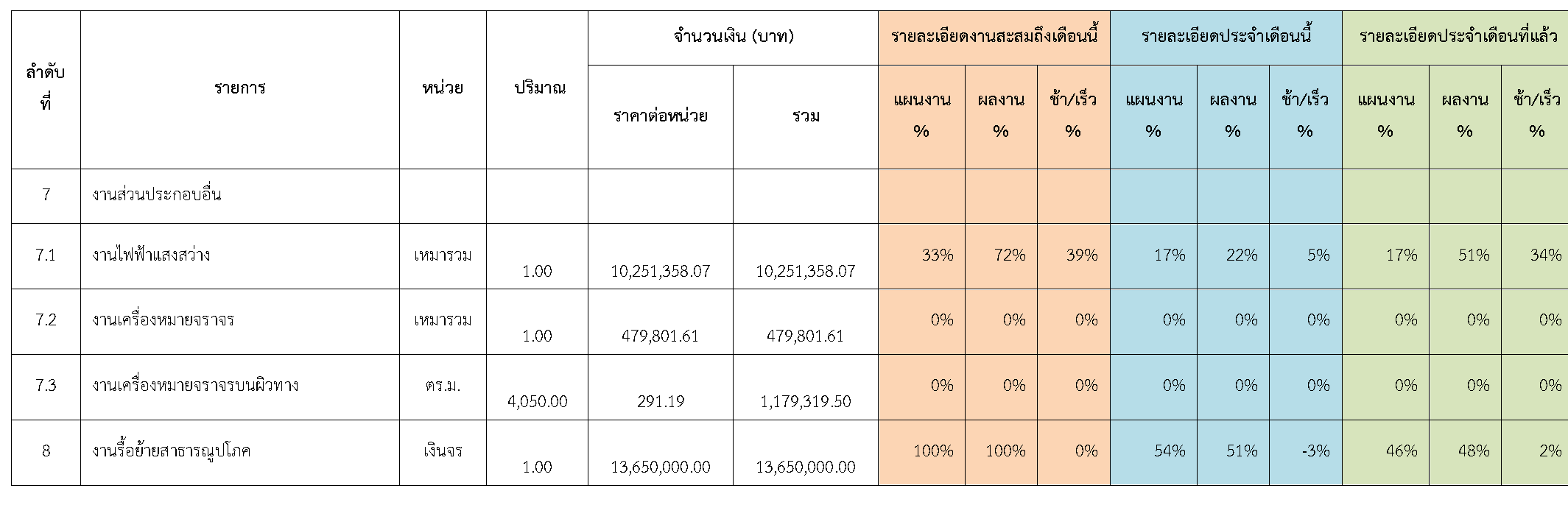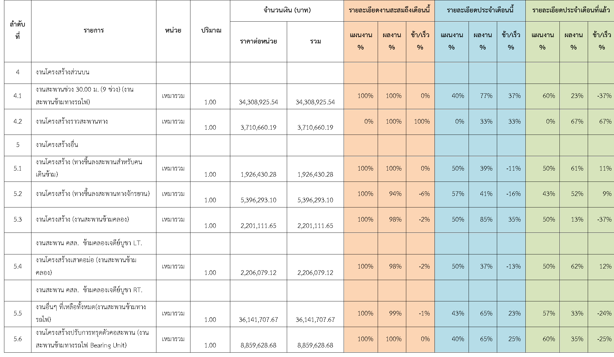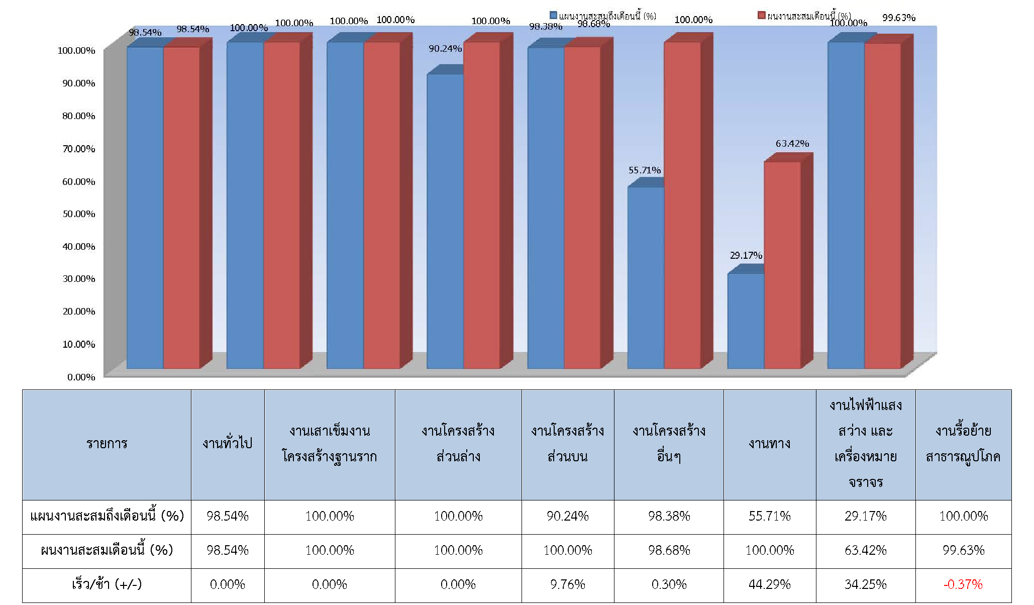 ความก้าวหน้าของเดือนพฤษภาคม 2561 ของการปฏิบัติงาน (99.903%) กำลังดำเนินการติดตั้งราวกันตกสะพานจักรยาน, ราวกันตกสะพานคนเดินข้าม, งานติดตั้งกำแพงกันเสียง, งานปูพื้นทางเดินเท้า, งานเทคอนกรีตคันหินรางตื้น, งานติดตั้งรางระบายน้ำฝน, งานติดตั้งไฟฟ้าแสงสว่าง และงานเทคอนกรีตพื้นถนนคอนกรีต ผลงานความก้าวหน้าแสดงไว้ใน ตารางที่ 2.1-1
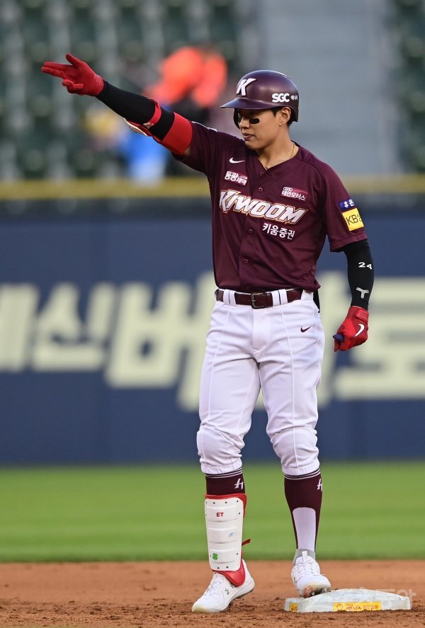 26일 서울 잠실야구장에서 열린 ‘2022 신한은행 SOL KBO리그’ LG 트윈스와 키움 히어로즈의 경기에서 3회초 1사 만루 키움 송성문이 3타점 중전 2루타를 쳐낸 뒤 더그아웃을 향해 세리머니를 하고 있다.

* * *

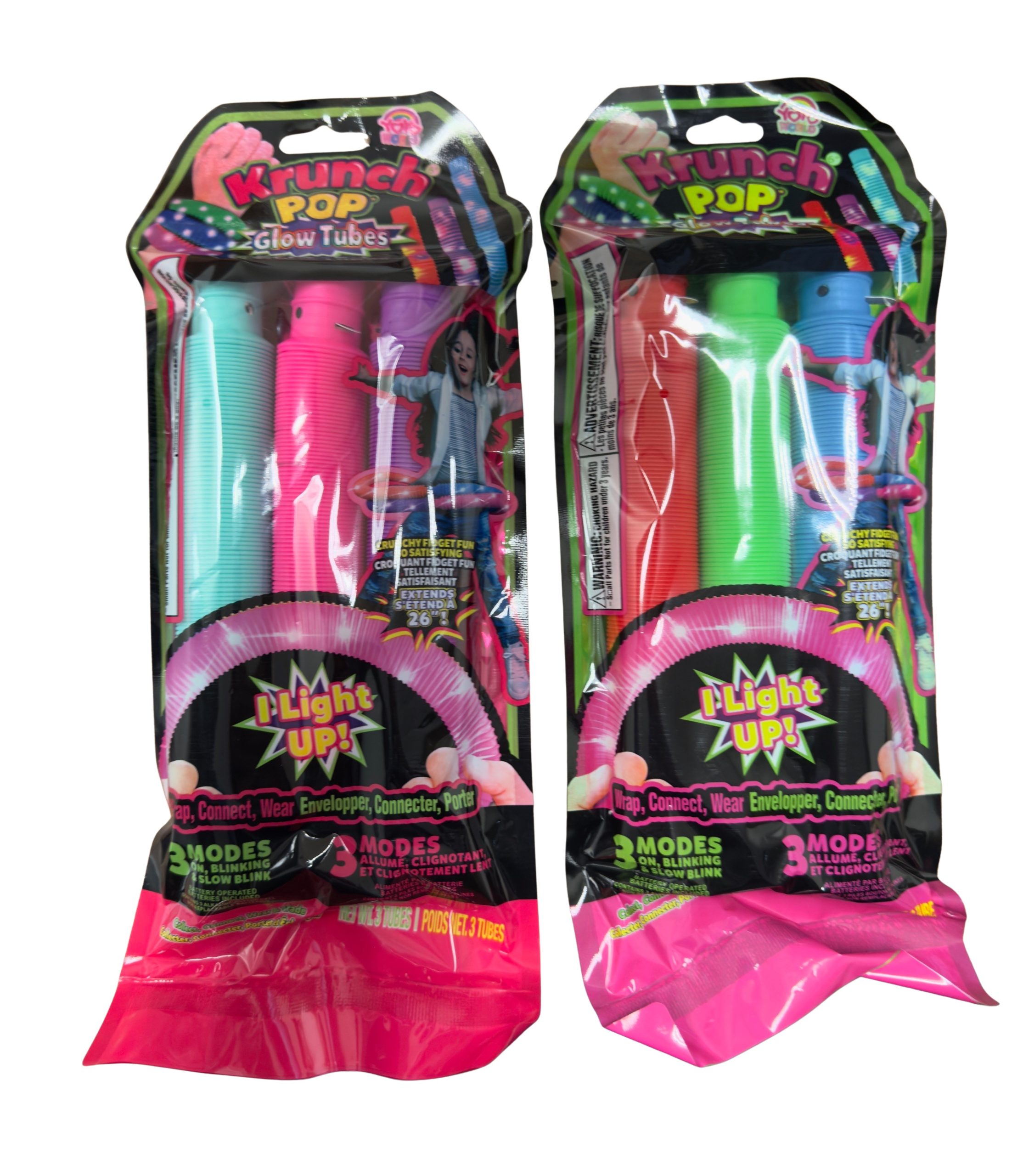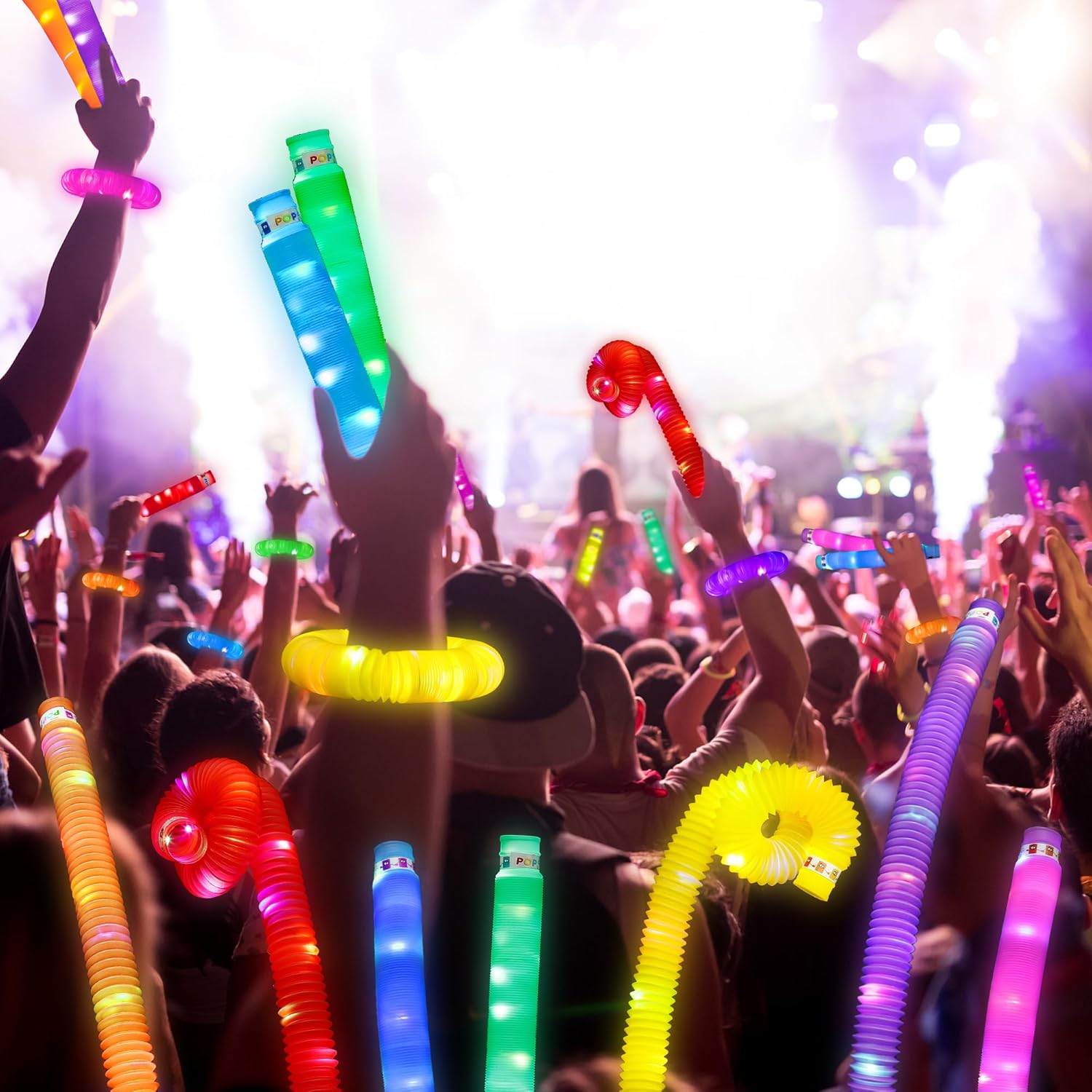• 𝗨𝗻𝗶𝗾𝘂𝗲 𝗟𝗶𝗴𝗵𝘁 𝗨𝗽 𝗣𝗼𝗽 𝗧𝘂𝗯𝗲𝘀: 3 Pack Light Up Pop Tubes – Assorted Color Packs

---

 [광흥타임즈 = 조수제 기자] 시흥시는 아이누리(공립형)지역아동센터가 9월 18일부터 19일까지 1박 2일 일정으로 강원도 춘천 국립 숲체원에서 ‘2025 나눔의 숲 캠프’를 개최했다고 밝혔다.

ASSIGNMENT: Everything above from the line containing "ความก้าวหน้าของเดือนพฤษภาคม 2561 ของการปฏิบัติงาน" down to the line containing "26일 서울 잠실야구장에서" is to be duplicated exactly, both lines included, and the pictures are to be omitted.

THE ANSWER:
 ความก้าวหน้าของเดือนพฤษภาคม 2561 ของการปฏิบัติงาน (99.903%) กำลังดำเนินการติดตั้งราวกันตกสะพานจักรยาน, ราวกันตกสะพานคนเดินข้าม, งานติดตั้งกำแพงกันเสียง, งานปูพื้นทางเดินเท้า, งานเทคอนกรีตคันหินรางตื้น, งานติดตั้งรางระบายน้ำฝน, งานติดตั้งไฟฟ้าแสงสว่าง และงานเทคอนกรีตพื้นถนนคอนกรีต ผลงานความก้าวหน้าแสดงไว้ใน ตารางที่ 2.1-1
 26일 서울 잠실야구장에서 열린 ‘2022 신한은행 SOL KBO리그’ LG 트윈스와 키움 히어로즈의 경기에서 3회초 1사 만루 키움 송성문이 3타점 중전 2루타를 쳐낸 뒤 더그아웃을 향해 세리머니를 하고 있다.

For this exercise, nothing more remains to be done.